Now that we have the GeoJSON file, let’s create a world map, centered around [0, 0] latitude and longitude values, with an intial zoom level of 2, and using Mapbox Bright style.
world_geo = r'world_countries.json' # geojson file
# create a plain world map
world_map = folium.Map(location=[0, 0], zoom_start=2, tiles='Mapbox Bright')
Create a choropleth map.
# generate choropleth map using the total immigration of each country to Canada from 1980 to 2013
world_map.choropleth(
geo_data=world_geo,
data=df,
columns=['Country', 'Total'],
key_on='feature.properties.name',
fill_color='YlOrRd',
fill_opacity=0.7,
line_opacity=0.2,
legend_name='Immigration to Canada'
)
# display map
world_map
/usr/local/lib/python3.6/dist-packages/folium/folium.py:426: FutureWarning: The choropleth method has been deprecated.

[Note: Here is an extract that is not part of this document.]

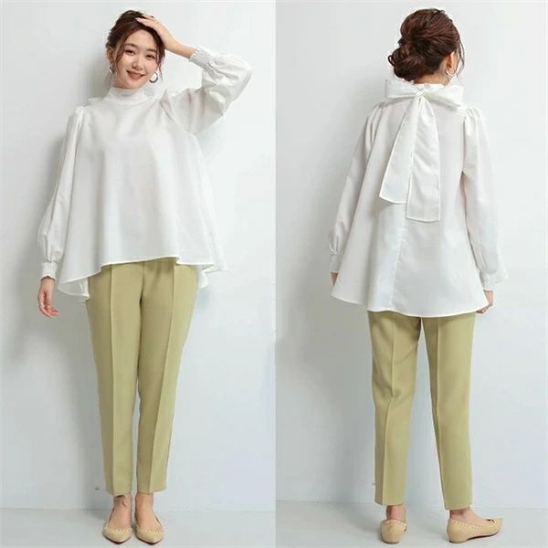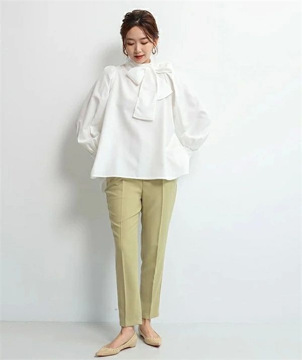 シアースリーブ ドッキングシャツ ボウタイシャツブラウス

Instead use the new Choropleth class, which has the same arguments. See the example notebook 'GeoJSON_and_choropleth' for how to do this.
FutureWarning
As per the map legend, the darker the color of a country and the closer the color to red, the higher the number of immigrants from that country. Accordingly, the highest immigration over the course of 33 years (from 1980 to 2013) was from China, India, Great Britain, and the Philippines, followed by Pakistan, the US, and Poland. Note: The countries that are denoted in grey color have been excluded from the list.